● Assignment:
Where the word "made" shows up in the entries below, please copy the whole line.

━━ Dataset entries ━━

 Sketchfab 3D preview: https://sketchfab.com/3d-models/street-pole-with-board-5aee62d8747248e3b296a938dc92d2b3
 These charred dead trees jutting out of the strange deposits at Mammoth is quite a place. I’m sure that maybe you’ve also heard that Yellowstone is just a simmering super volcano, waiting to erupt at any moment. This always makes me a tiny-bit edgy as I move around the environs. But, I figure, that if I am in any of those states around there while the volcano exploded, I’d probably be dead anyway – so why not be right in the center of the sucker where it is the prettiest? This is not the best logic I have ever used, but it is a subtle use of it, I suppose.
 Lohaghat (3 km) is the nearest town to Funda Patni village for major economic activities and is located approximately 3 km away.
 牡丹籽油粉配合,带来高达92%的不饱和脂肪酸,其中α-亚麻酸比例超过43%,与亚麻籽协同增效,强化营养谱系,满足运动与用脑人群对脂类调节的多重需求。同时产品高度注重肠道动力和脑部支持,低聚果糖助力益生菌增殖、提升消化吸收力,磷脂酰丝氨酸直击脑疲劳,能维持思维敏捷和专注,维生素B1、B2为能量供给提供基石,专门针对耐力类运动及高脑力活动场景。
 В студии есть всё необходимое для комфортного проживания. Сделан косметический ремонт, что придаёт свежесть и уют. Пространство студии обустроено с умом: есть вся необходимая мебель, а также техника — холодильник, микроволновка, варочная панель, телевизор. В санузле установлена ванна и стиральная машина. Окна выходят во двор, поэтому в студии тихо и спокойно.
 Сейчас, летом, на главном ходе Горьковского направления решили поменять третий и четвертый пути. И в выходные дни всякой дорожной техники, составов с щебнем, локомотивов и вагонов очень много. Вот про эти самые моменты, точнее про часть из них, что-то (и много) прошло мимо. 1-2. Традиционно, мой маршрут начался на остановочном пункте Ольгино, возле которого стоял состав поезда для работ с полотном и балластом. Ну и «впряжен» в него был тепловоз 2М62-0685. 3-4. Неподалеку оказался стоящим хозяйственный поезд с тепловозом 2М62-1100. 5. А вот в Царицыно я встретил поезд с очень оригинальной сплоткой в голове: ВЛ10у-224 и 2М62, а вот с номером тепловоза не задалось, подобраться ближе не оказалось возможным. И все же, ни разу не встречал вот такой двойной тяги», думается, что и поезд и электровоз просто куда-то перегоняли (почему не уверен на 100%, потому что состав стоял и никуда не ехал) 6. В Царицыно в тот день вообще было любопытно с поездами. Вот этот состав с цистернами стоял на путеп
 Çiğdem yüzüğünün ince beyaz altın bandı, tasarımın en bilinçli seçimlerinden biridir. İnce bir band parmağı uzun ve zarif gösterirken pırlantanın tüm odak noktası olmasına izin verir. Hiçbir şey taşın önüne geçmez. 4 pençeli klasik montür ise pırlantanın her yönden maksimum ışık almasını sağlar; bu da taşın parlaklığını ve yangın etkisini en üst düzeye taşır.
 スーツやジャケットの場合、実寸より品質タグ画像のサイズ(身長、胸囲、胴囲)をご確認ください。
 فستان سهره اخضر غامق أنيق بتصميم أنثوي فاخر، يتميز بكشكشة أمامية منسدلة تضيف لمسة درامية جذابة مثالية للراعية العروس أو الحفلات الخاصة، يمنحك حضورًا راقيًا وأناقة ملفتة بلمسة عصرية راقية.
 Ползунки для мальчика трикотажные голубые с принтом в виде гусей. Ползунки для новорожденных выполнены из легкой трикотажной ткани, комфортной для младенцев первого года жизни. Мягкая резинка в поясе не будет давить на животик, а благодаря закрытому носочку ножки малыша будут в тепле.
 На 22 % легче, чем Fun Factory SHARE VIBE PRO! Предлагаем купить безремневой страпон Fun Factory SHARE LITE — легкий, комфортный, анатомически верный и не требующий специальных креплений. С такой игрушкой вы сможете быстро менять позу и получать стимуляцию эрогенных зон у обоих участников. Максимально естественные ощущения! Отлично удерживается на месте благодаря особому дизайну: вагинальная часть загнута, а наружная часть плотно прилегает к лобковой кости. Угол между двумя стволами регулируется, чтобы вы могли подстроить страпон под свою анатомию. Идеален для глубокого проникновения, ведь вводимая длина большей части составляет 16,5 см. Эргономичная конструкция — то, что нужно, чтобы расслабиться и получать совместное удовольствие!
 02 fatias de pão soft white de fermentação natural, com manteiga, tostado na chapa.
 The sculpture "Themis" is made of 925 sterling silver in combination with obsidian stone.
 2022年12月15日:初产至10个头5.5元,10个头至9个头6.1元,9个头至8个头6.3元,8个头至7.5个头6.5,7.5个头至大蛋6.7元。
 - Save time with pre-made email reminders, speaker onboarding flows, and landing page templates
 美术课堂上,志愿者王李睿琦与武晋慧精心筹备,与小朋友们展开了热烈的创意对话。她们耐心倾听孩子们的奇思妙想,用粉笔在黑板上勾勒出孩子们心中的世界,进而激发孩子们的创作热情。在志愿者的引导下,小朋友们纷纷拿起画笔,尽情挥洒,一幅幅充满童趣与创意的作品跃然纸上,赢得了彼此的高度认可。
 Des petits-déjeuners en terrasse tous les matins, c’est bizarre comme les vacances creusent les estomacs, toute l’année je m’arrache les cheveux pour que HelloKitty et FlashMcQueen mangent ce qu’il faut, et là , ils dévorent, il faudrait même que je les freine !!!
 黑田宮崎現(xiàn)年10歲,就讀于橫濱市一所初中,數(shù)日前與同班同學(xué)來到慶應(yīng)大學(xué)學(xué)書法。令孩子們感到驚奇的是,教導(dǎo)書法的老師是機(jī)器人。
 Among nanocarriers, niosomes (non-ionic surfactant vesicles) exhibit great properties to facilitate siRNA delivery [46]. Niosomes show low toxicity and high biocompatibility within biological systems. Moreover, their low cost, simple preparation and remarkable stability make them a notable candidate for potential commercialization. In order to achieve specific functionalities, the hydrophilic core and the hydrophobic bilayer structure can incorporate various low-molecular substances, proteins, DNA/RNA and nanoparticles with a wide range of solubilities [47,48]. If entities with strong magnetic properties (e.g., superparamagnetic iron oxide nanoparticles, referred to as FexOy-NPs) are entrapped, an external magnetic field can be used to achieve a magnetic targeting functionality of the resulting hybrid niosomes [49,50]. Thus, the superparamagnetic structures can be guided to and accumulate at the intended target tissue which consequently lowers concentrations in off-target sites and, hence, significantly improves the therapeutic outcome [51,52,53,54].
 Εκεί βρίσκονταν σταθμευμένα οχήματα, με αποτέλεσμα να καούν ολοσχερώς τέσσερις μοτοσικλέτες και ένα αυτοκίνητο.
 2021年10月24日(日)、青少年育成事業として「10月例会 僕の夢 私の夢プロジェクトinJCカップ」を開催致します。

━━━

● Exercise answer:
 The sculpture "Themis" is made of 925 sterling silver in combination with obsidian stone.
 - Save time with pre-made email reminders, speaker onboarding flows, and landing page templates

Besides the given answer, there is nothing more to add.